Le MRAP et l'islamophobie : projet de résolution présenté à l'AG du 21 juin 2014
L'islamophobie est un racisme, reconnu comme tel par le MRAP en 2004.
1. Commençons par rappeler quelques faits et principes de base.
Le mot islamophobie n'a pas été inventé vers 1980 par des mollahs iraniens, il a été créé en 1910 par des ethnologues coloniaux français, avec le sens toujours actuel d'hostilité envers les musulmans.
Le mot ?
Le mot « islamophobie » permet de mettre un mot sur une réalité sociale. Il permet de nommer un processus social de racialisation qui s'appuie sur l'appartenance réelle ou supposée à la religion musulmane dont les modalités varient en fonction des contextes nationaux et des périodes historiques. Aujourd’hui, la liaison religion/fondamentalisme/terrorisme cible essentiellement l’islam.
C'est la remise en cause de la légitimité de la présence musulmane sur le territoire national.
C'est une nouvelle forme de racisme. L’islamophobie est un refus de l’égalité.
L'autre est infériorisé dans tous les domaines de la vie sociale et sociétale, en particulier les femmes, une fois de plus instrumentalisées.
L'islamophobie n'est pas plus une critique de la religion musulmane que l'antisémitisme n'est celle de la religion juive, même si islamophobes et antisémites cherchent des prétextes à leur haine dans tel ou tel texte religieux. La critique et la défense des religions dans tous leurs aspects (dogmes, institutions, etc.) sont libres. Mais elles ne doivent pas déboucher sur la haine des fidèles encourager les conflits inter-religieux. Essentialiser (« les juifs, musulmans, chrétiens, etc.. sont ceci ou cela ») commence par un manque de connaissances, de rigueur intellectuelle et débouche le plus souvent sur le racisme. Les prétextes au racisme peuvent être biologiques, mais ils sont aujourd'hui plus souvent culturels, philosophiques ou religieux.
L'islamophobie n'est pas le racisme anti-arabe. Les islamophobes s'attaquent aussi, en toute connaissance de cause, aux Sénégalais, Iraniens, Turcs, Indonésiens, …. qui ne sont pas des Arabes. Et les thèmes de la propagande islamophobe ne sont pas ceux du racisme anti-arabe.

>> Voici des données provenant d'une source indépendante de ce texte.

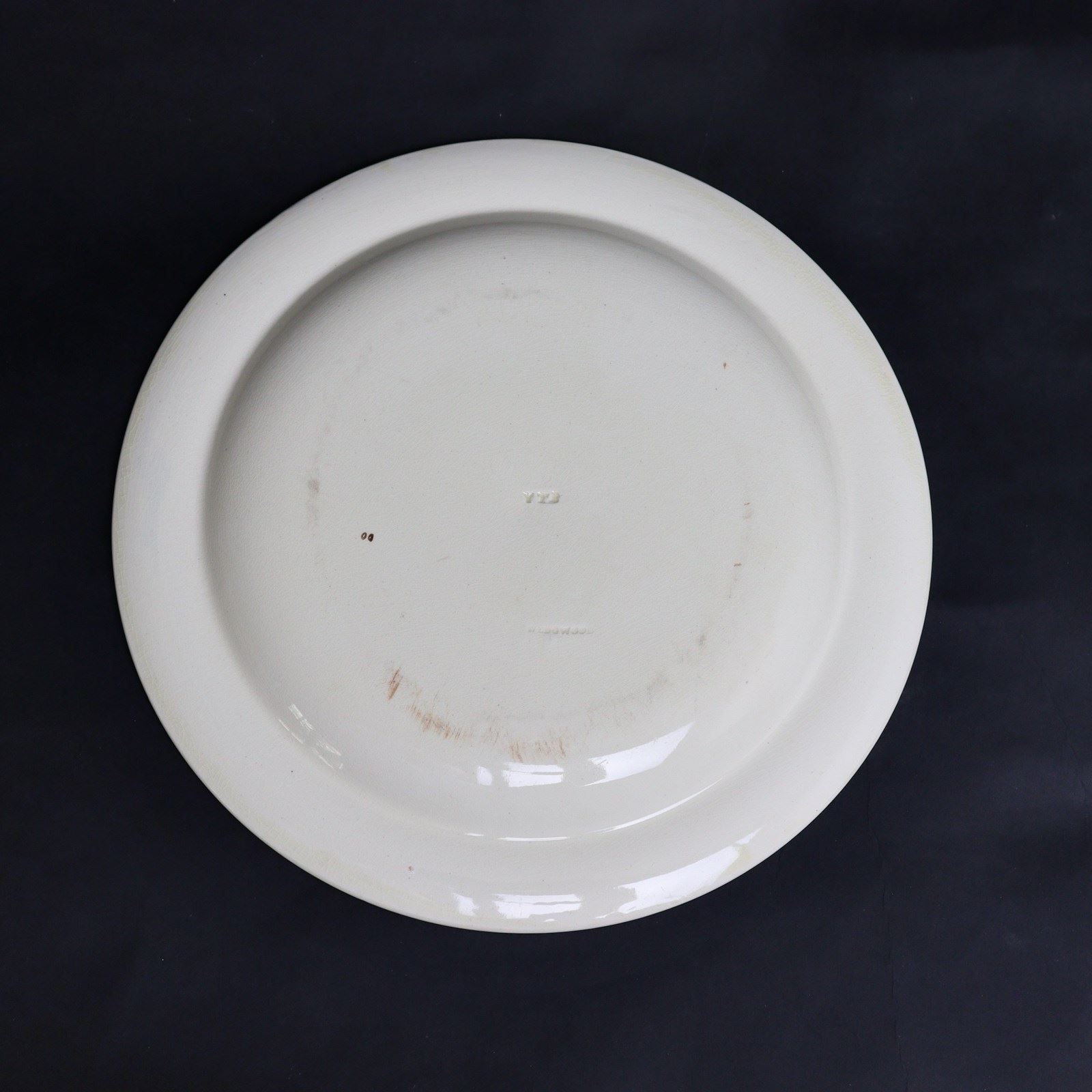 A Wedgwood, late creamware, dinner plate decorated with birds and insects. This is marked ”WEDGWOOD” and it is also impressed with the letters ”YTR”. This is the date code for the year of manufacture which is 1863. The plate is potted in a heavy creamware, which is known as late creamware, as the body is quite different to the early, lightly potted creamware of the 18th century. It is decorated with an outline transfer print in brown which is then hand coloured with bright, polychrome enamels. There is a very small chip to the ochre enamel on the rim but otherwise it is in good condition.
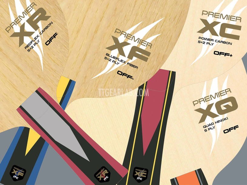 Premier XR was developed as a blade to represent ITC. It is a 5+2 ply inner fiber blade, but it is thicker than common inner-fiber blades at that time. Eche was selected as the top layer of this blade to realize a high-class appearance and high performance at the same time. The fiber of Premier XR is the same one as that for adidas Hypertouch and RadiX series. (adidas called it as RX-Carbon. And ITC called it as RedFlex Carbon) Thanks to hard top layer and thicker construction, Premier XR was much faster than standard inner-ALC blades, and was as fast as representative outer-fiber blades at that time.
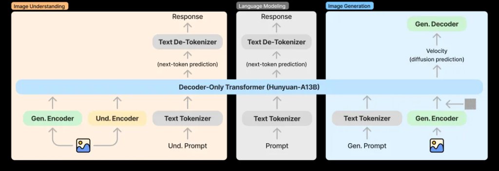 文本分词器(Text Tokenizer):采用混元分词器(Hunyuan Tokenizer),在其词汇表中加入一组专为图像生成与理解任务设计的特殊 tokens,以增强多模态处理能力。
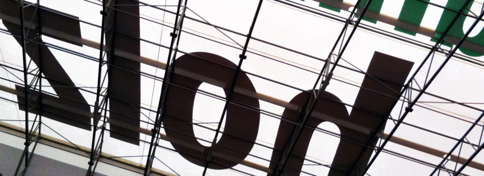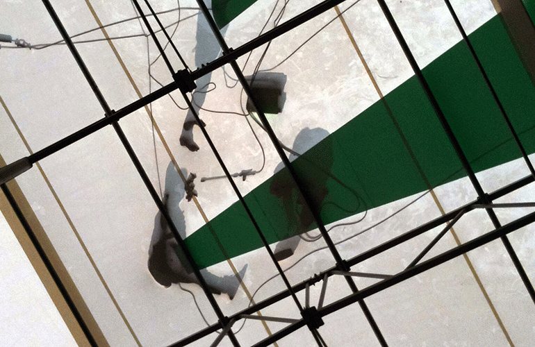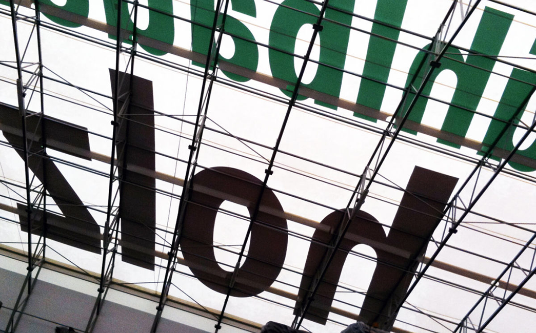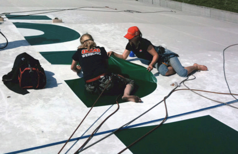 Auf das transluzente PVC-Planendach haben wir innerhalb von 14 Tagen die transluzente Folie aufgebracht. Text und Grafik maßen zusammen 30 mal 19 Meter. Die Sonne brannte vom Himmel und wir haben uns den Feierabend redlich verdient. Jeden Abend stiegen wir mit schwarzen Füßen und auch sonst ziemlich verrußt vom Dach. Denn über der Halle verlief die Einflugschneise des Wiener Flughafens und verbrannte Treibstoffabfälle rieselten herab. Obwohl wir jeden Abend völlig k.o. waren, erinnern wir uns immer wieder gerne an unser Wien-Abenteuer.
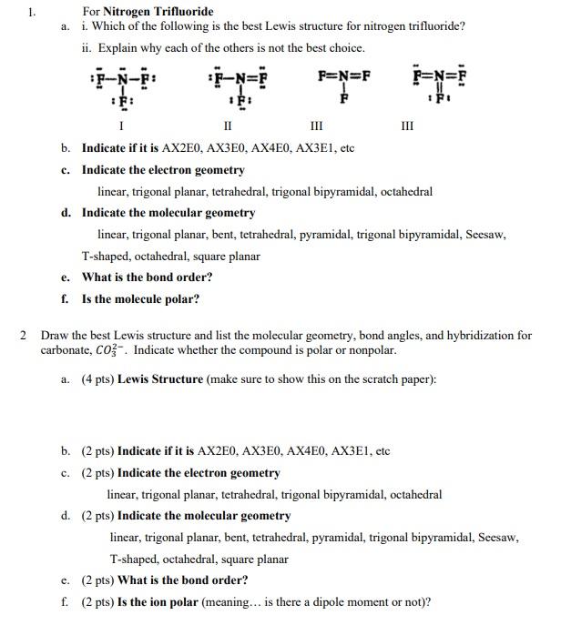 Solved 1. F: For Nitrogen Trifluoride a. i. Which of the | Chegg.com
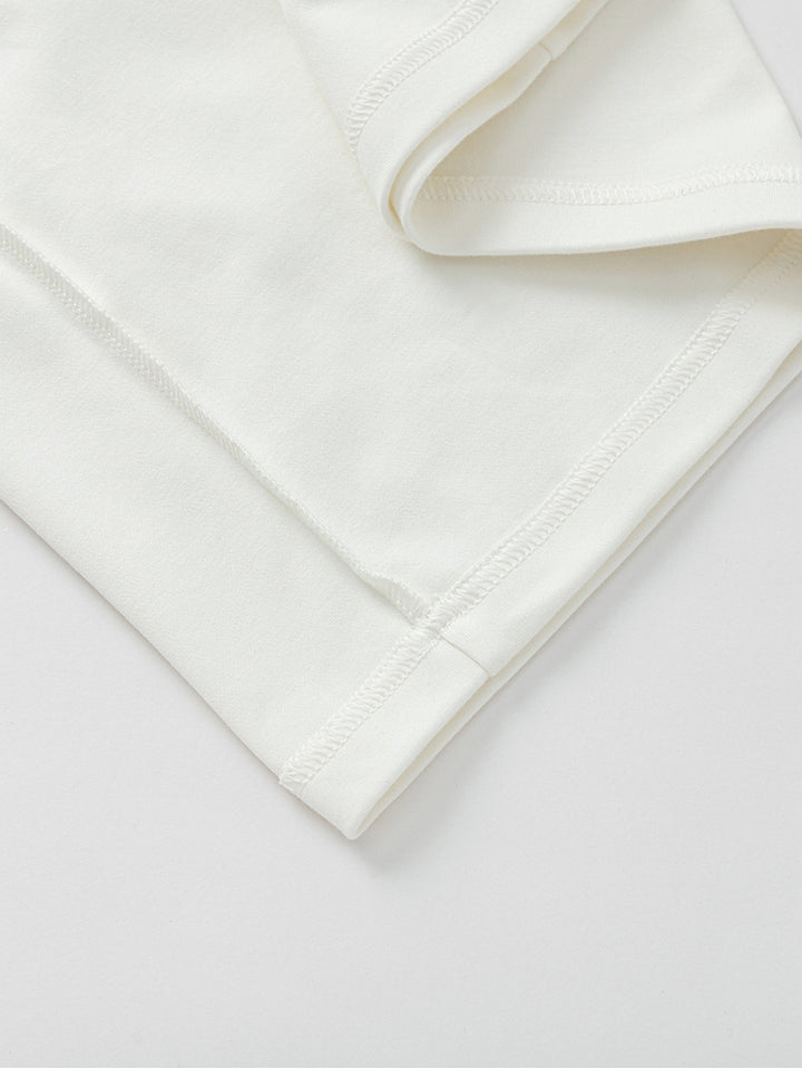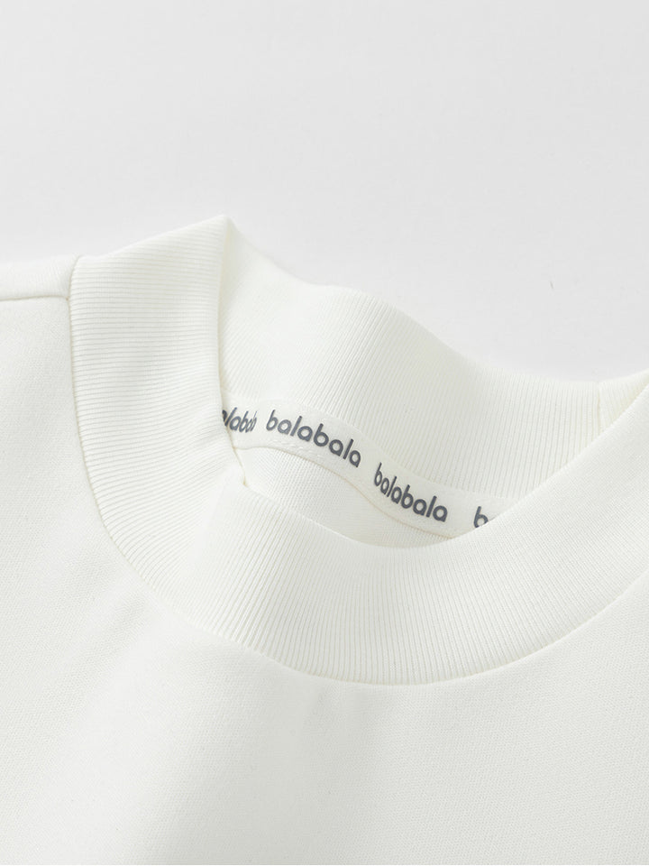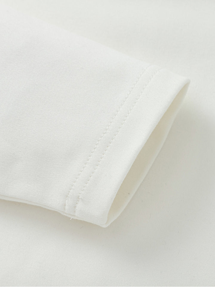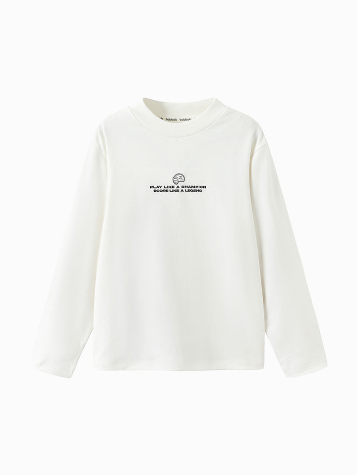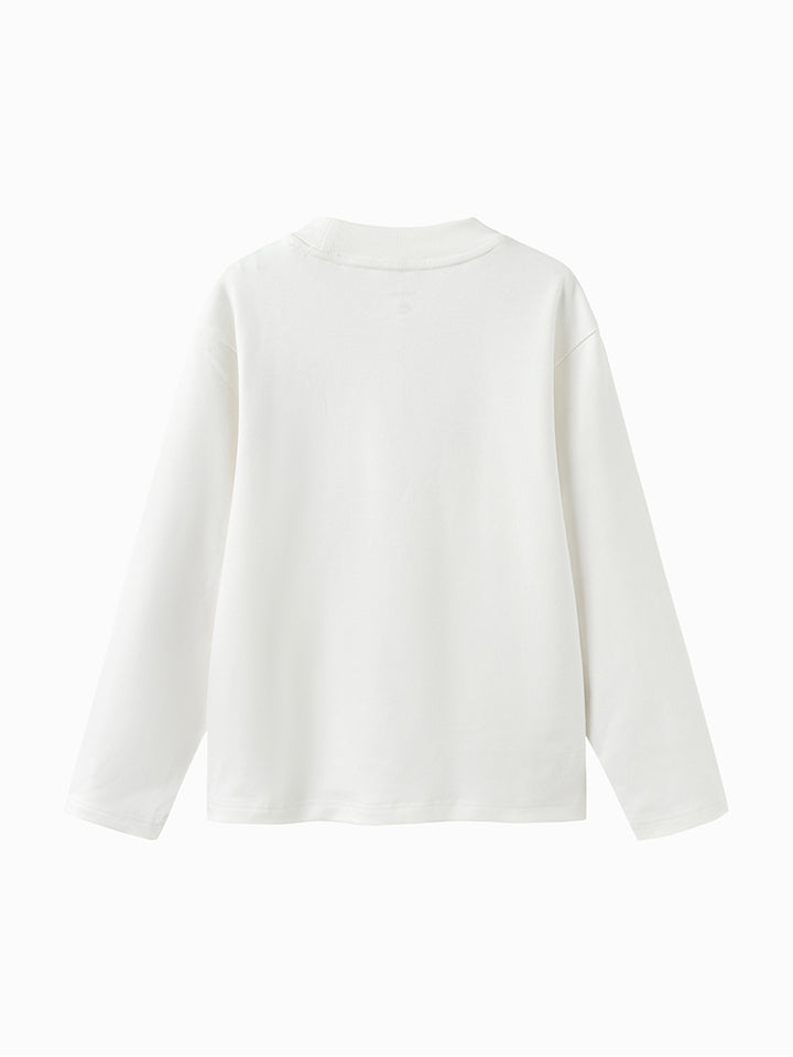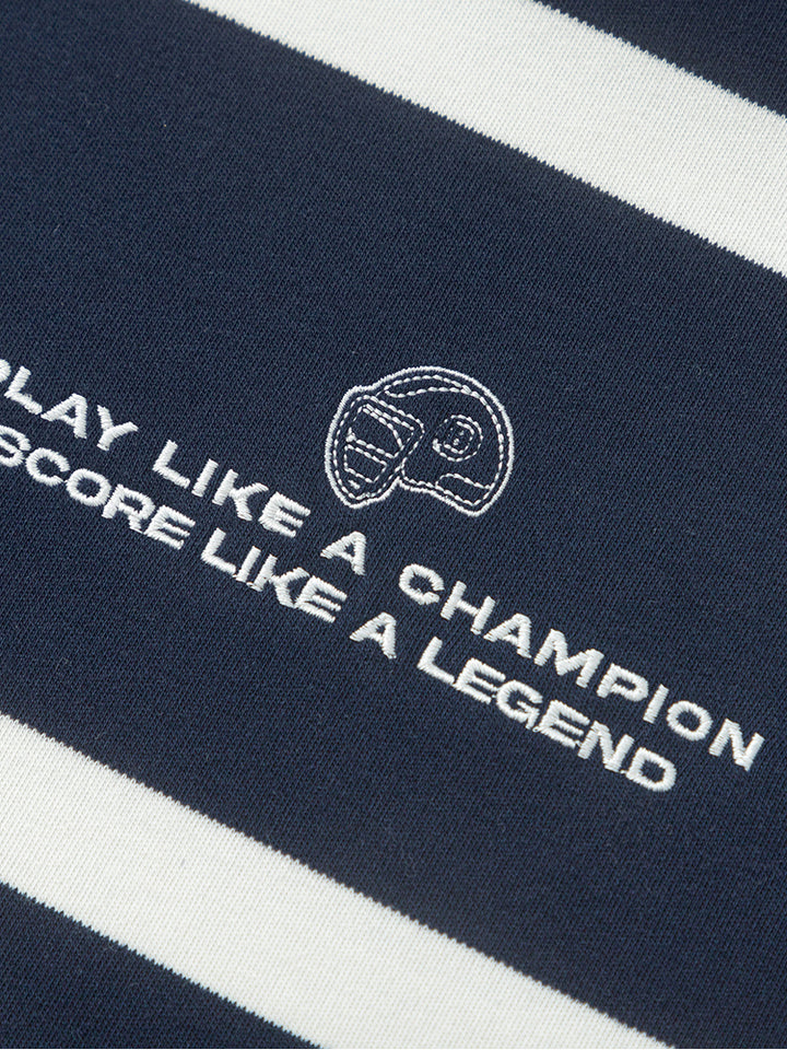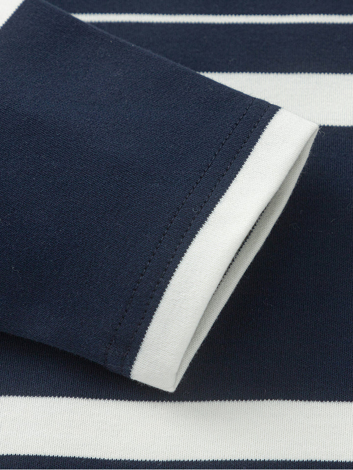 long sleeves casual t-shirt, decorated with a contrast colored striped pattern and embroidery on the front side, comes with a rounde shape neckline
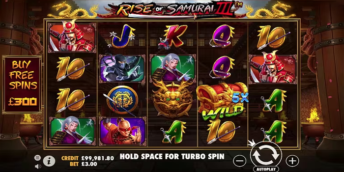 Slot Rise Of Samurai 3, yang menghadirkan tema samurai klasik, simbol khas Jepang, animasi yang memukau, dan fitur bonus interaktif.
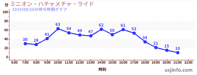 • ミニオン・ハチャメチャ・ライド$B$N(B2019年09月16日の待ち時間
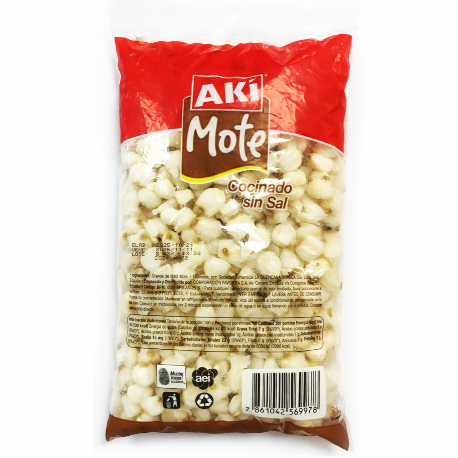 Mote Cocinado Sin Sal AKÍ 1000 G
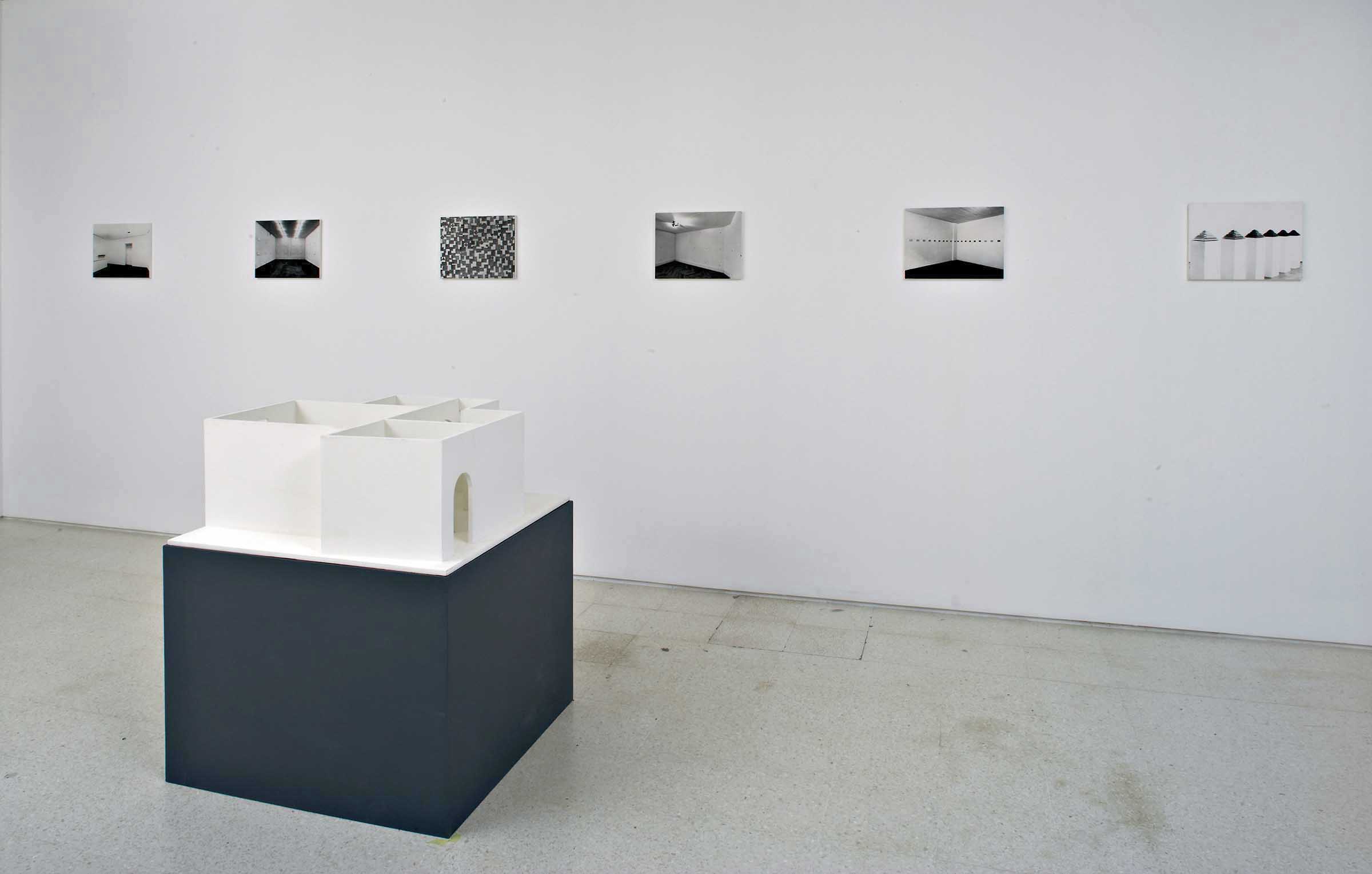 In a larger room and in the presence of other works, the six photographs must be aligned horizontally in a row on a single wall and equidistant from each other, in the correct sequence from the view of “Idem I” to that of “Idem VI”. The model must be set up on the plinth close to the wall with the photographs, at least 1 metre away, thus allowing for a person to walk around it.

La laïcité n'est pas l'opposition à toute croyance et/ou manifestation publique d'une conviction religieuse. C'est l'indépendance de l’État, des lois, des administrations par rapport aux références et appareils religieux. L'Etat doit garantir à tous la possibilité d'exprimer ses convictions, ses croyances religieuses et doit garantir les libertés de chacun, liberté de penser, de s'exprimer en public. En France, la liberté de conscience et de culte est assurée par la République laïque, mais ni les personnes, ni les institutions privées, ni même la société en général ne sont tenues d'être laïques, ni neutres.
C'est donc à juste titre qu'en 2004, le MRAP a reconnu que le combat contre l'islamophobie avait toute sa place dans le combat contre le racisme en général.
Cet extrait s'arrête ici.